Weekly Wire
Austin Chronicle Jewels for Sophia

By Kent H. Benjamin

AUGUST 9, 1999: 

Robyn Hitchcock Jewels for Sophia (Warner Brothers)

With his last studio album being a largely acoustic affair, and following the acoustic live soundtrack album Storefront Hitchcock, Robyn Hitchcock's latest release, is a welcome return to electricity. Diverse and satisfying, the biggest surprise on Jewels for Sophia is the presence on two tracks of Hitchcock's original lead guitarist from the Soft Boys, Kimberley Rew. The pair haven't played together in almost 20 years, and the timing of this re-teaming is interesting given that as Hitchcock gets older, he seems to focus more on his skewed ballads and relies less on post-Byrds jangly psychedelia; and there isn't a single trademark radio-ready power pop gem here. "Viva!
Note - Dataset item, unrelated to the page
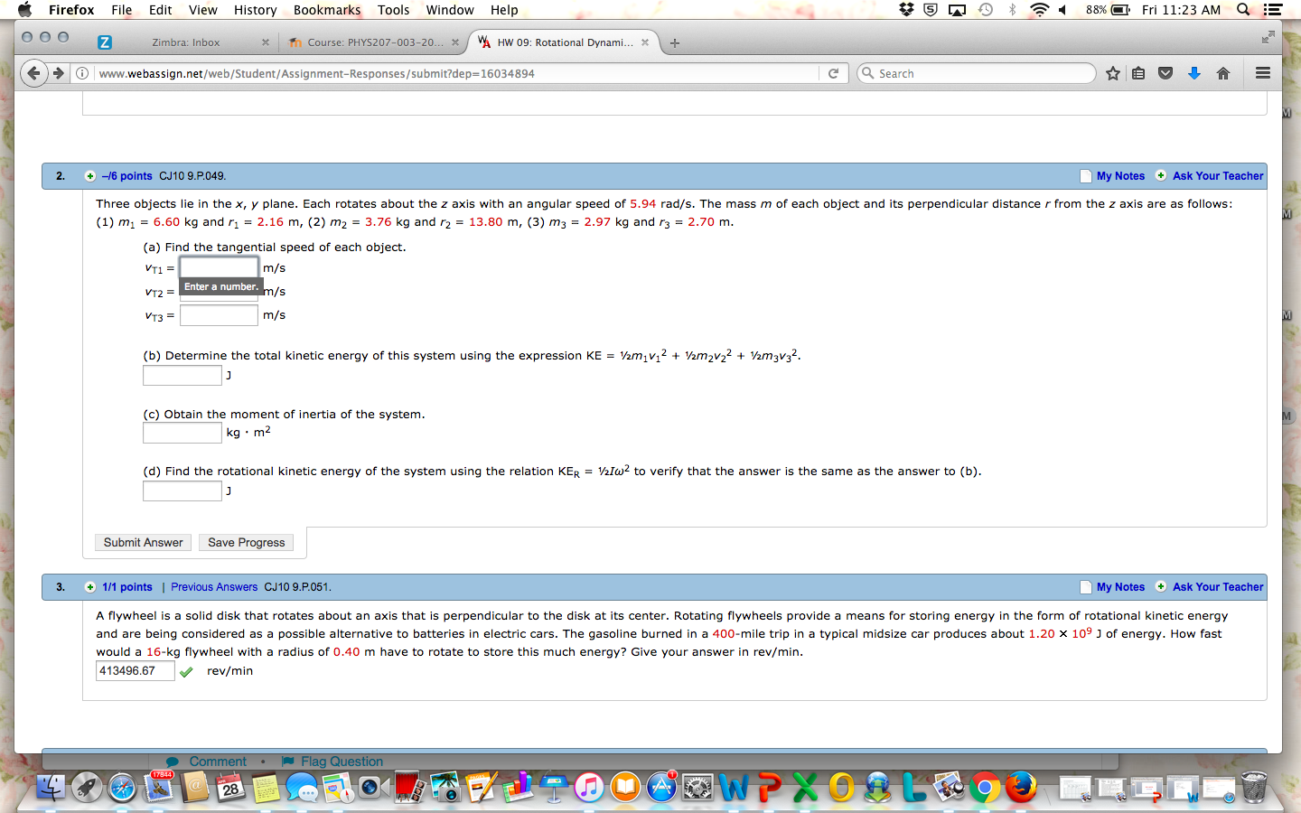 ‘ Firefnx Fils Edit View History Bookmarks Tools Window Help _ :- fi 15 m {9 3B 2'?- 1 SEKI- Fri11:23 AM Q‘iE “'5 "was: Rotational Dynlml... x .0 I)‘ G) Iww.webasslgn.nerlwebeludent/Assignmenr-Responses}subml17dep=16034394 Three objects lie in the x, y plane. Each rotates about the z axis with an angular speed of 5.94 radls. The mass m of each object and Its perpendicular distance r from the z axis are as Follows:

Sea-Tac" perhaps comes closest, the song being an uptempo tribute to Seattle, which features Hitchcock's regular acoustic guitarist Tim Keegan, as well as longtime friend Peter Buck on electric guitar, and current R.E.M. sideman Scott McCaughey on bass (the latter two Seattle residents). The title track is one of his best songs in years, a tribute to his significant other ("jewels" being used in the family way), and manages to sound more like R.E.M. than anything on Up! "NASA Clapping," meanwhile, sounds for all the world like a great track from the Soft Boys' classic Underwater Moonlight album, with dueling guitars by Hitchcock and Rew. As usual, Hitchcock writes intentionally oblique, frequently humorous lyrics that can either be analyzed or chuckled at, and one has to love lines like "time will destroy you like a Mexican god" and "being just contaminates the void." And as a real delight, there's hidden bonus tracks, including "Gene Hackman," a delightfully silly song perhaps taken from a Waterloo Records in-store performance at South by Southwest '98.